- TASK STATEMENT
Lines from the one with "Tronzadora retestadora AKS 134/00" up to and including the one with "लघुरुद्र समारंभामधील स्वस्तिवाचन." are to be copied exactly from the records below, without their pictures.

- DATA EXTRACTS
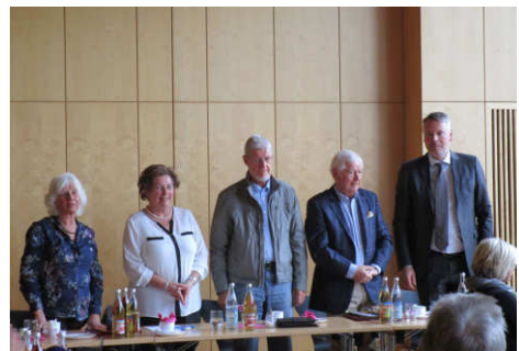
Der wiedergewählte Vorstand
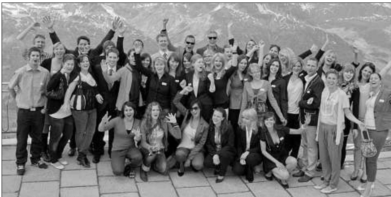
Las absolventas ed ils absolvents da la scoula da turissem a l'Academia Samedan han survgni lur diploms.
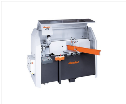
Tronzadora retestadora AKS 134/00
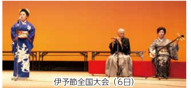
伊予節全国大会 (6日)
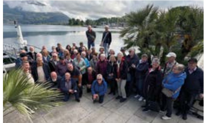
Am Comer See

Der Frühling begann für uns mit einem besonderen Ausflug. Drei Tage lang folgten wir den „Alten Handelswegen im Bergell und Veltlin“. Über das Engadin führte uns der Weg hinauf zum Malojapass und hinunter nach Chiavenna. Am Comer See stiegen wir ins Schiff, fuhren nach Bellagio und weiter bis Abbadia Lariana. Stadtführungen, Einblicke in den Weinbau samt Verkostung, kleine Wanderungen und feines Essen machten die Reise zu einem Genuss für Geist und Gaumen. Ein weiteres Highlight war Schloss Tratzberg. Der kleine „Tratzberg-Express“ brachte uns ins Schloss, wo uns eine exklusive Sonderführung erwartete. Zwischen Renaissance-Pracht und den privaten Gemächern von Kaiser Maximilian I., normalerweise sind diese Räumlichkeiten unzugänglich, durften wir einen Blick in die Geschichte werfen.
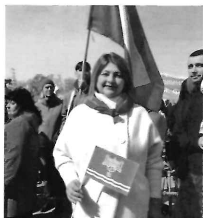
На фото - участие в мероприятии, посвященном Дню весны и труда.
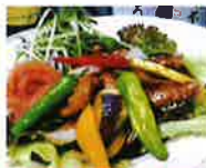
第3回グランプリ 名店仕込の黒酢豚 (厳選地酒と本格焼酎の店 海人)
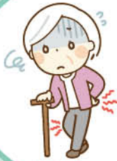
背中が曲がってきた
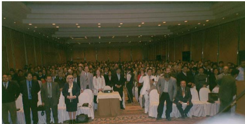
Publicul participând la adunarea din Hotelul Sheraton, Lima, Peru
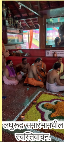
लघुरुद्र समारंभामधील स्वस्तिवाचन.
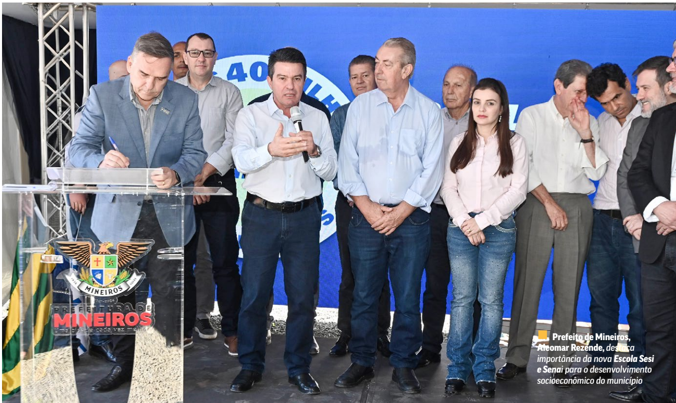
Prefeito de Mineiros, Ateomar Rezende, destaca importância da nova Escola Sesi e Senai para o desenvolvimento socioeconômico do município

- RESPONSE BELOW
Tronzadora retestadora AKS 134/00
伊予節全国大会 (6日)
Am Comer See

Der Frühling begann für uns mit einem besonderen Ausflug. Drei Tage lang folgten wir den „Alten Handelswegen im Bergell und Veltlin“. Über das Engadin führte uns der Weg hinauf zum Malojapass und hinunter nach Chiavenna. Am Comer See stiegen wir ins Schiff, fuhren nach Bellagio und weiter bis Abbadia Lariana. Stadtführungen, Einblicke in den Weinbau samt Verkostung, kleine Wanderungen und feines Essen machten die Reise zu einem Genuss für Geist und Gaumen. Ein weiteres Highlight war Schloss Tratzberg. Der kleine „Tratzberg-Express“ brachte uns ins Schloss, wo uns eine exklusive Sonderführung erwartete. Zwischen Renaissance-Pracht und den privaten Gemächern von Kaiser Maximilian I., normalerweise sind diese Räumlichkeiten unzugänglich, durften wir einen Blick in die Geschichte werfen.
На фото - участие в мероприятии, посвященном Дню весны и труда.
第3回グランプリ 名店仕込の黒酢豚 (厳選地酒と本格焼酎の店 海人)
背中が曲がってきた
Publicul participând la adunarea din Hotelul Sheraton, Lima, Peru
लघुरुद्र समारंभामधील स्वस्तिवाचन.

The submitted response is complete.